== Your instructions ==
Write each line below back out exactly, omitting its pictures.

== Source data ==
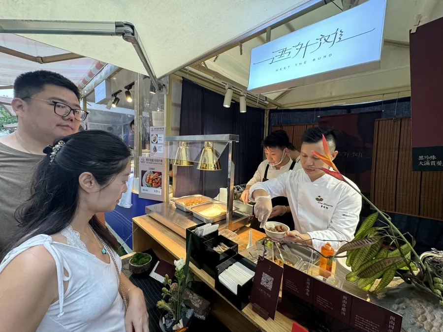“建議你來黑珍珠餐廳市集看一下,上海很多高端餐飲的主廚或負責人都在,可以現場聊聊。” 上海柏悦酒店·悦軒的主廚楊超説。記者到達市集時,同樣是雨天,卻人頭攢動,很多外國遊客也饒有興趣地打卡。
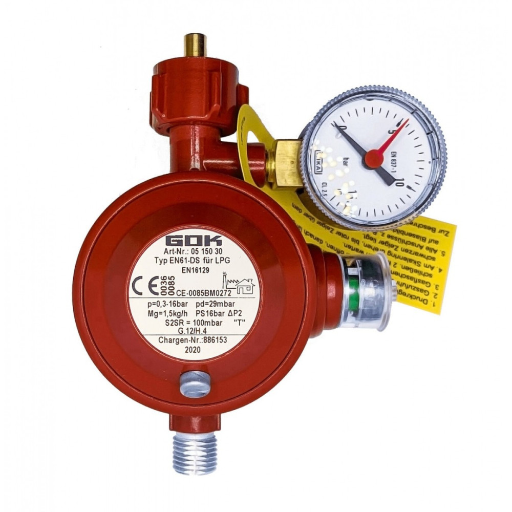 Огляд товару Регулятор тиску газу GOK EN61-DS 1,5 кг/год. 29мбар KLFxG1/4LH-KN ТАЄ UEDS
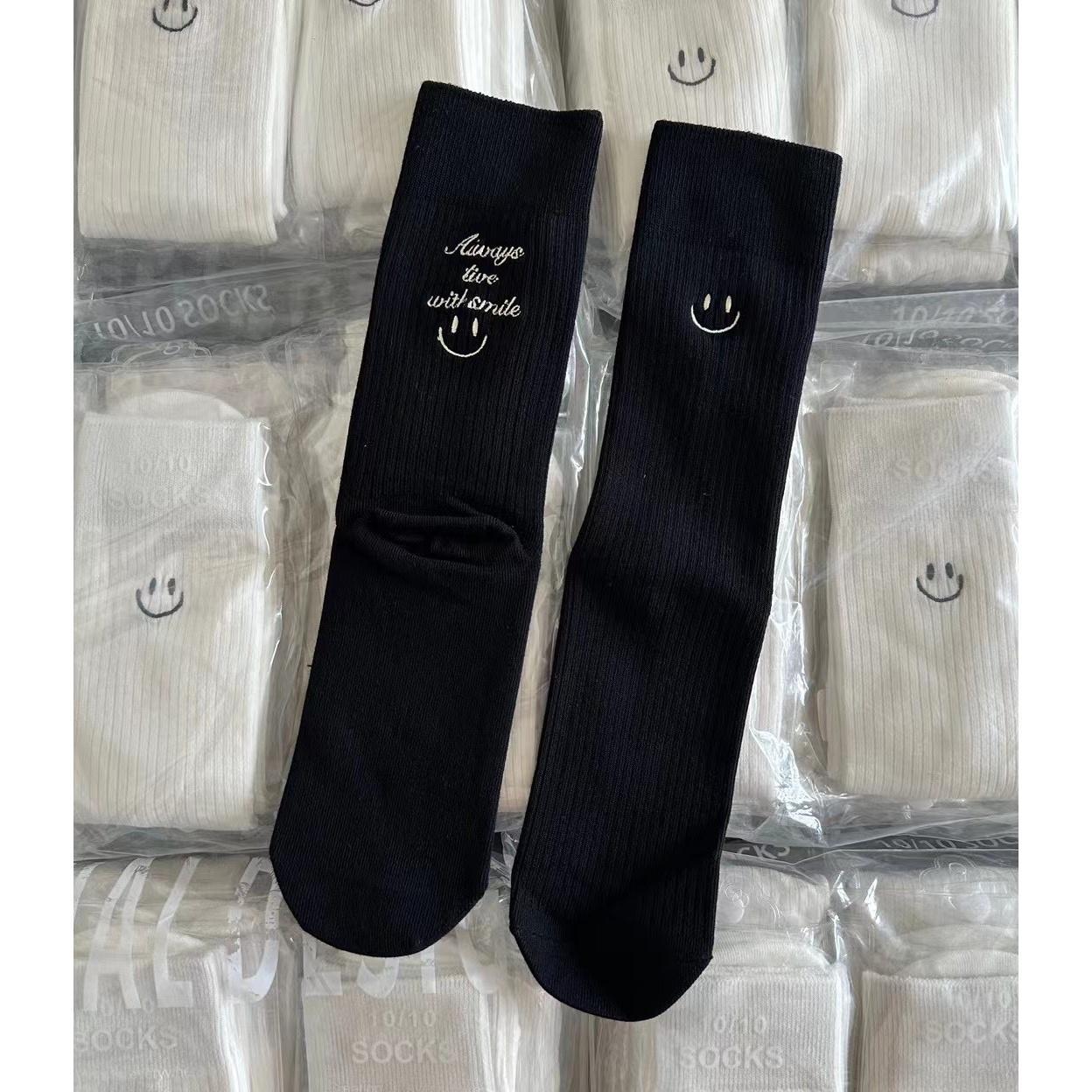 100% 純綿新疆綿靴下男女スポーツソックス白黒純色秋冬四季学生カップル防臭ソックス

== Answer space ==
“建議你來黑珍珠餐廳市集看一下,上海很多高端餐飲的主廚或負責人都在,可以現場聊聊。” 上海柏悦酒店·悦軒的主廚楊超説。記者到達市集時,同樣是雨天,卻人頭攢動,很多外國遊客也饒有興趣地打卡。
 Огляд товару Регулятор тиску газу GOK EN61-DS 1,5 кг/год. 29мбар KLFxG1/4LH-KN ТАЄ UEDS
 100% 純綿新疆綿靴下男女スポーツソックス白黒純色秋冬四季学生カップル防臭ソックス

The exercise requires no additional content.